#### [What is expected]
Only the lines below from the one containing "沖洗乾淨後,用菜刀輕輕的來回刮一下豬皮表面 (不能太大力刮哦~) ,然後再用叉子反覆叉豬皮表面,每個地方都不要漏掉。" through the one containing "High-Low Linen Short" belong in the answer, set down exactly, with the pictures left out.

#### [Material for this task]
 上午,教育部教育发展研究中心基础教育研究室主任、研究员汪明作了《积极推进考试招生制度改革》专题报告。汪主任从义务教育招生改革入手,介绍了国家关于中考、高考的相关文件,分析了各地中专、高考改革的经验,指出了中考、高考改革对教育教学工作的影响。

---

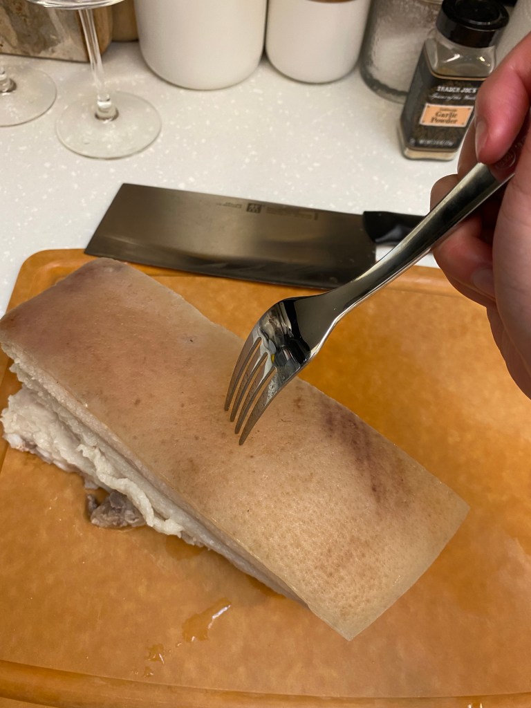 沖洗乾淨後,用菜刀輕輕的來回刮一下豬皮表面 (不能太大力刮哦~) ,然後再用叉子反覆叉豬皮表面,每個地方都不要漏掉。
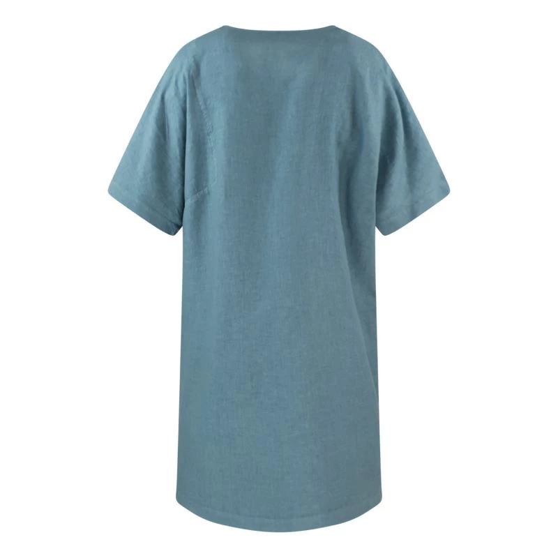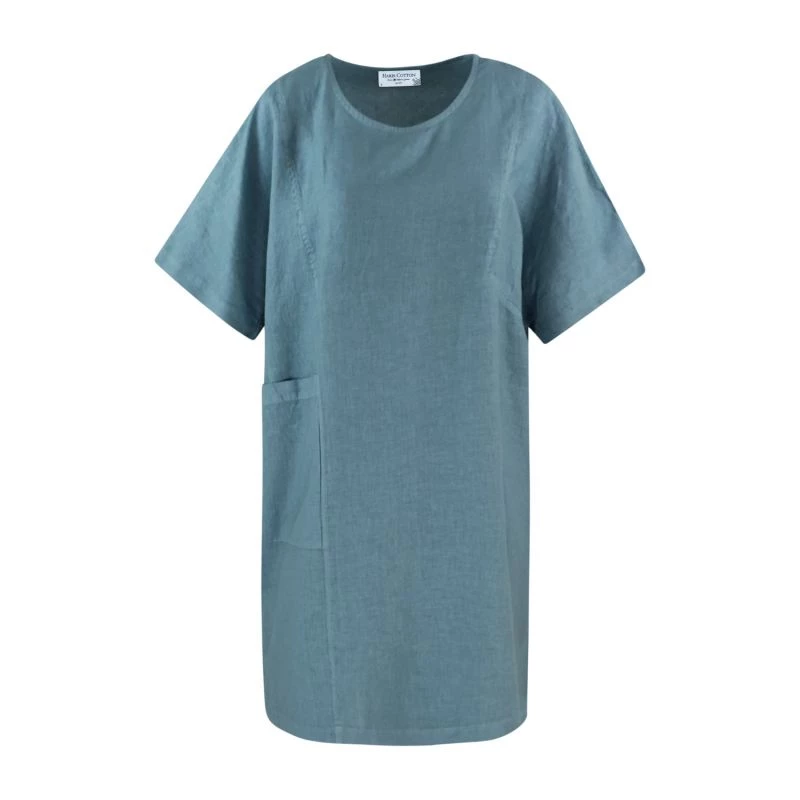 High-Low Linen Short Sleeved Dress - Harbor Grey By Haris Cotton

#### [Answer]
 沖洗乾淨後,用菜刀輕輕的來回刮一下豬皮表面 (不能太大力刮哦~) ,然後再用叉子反覆叉豬皮表面,每個地方都不要漏掉。
 High-Low Linen Short Sleeved Dress - Harbor Grey By Haris Cotton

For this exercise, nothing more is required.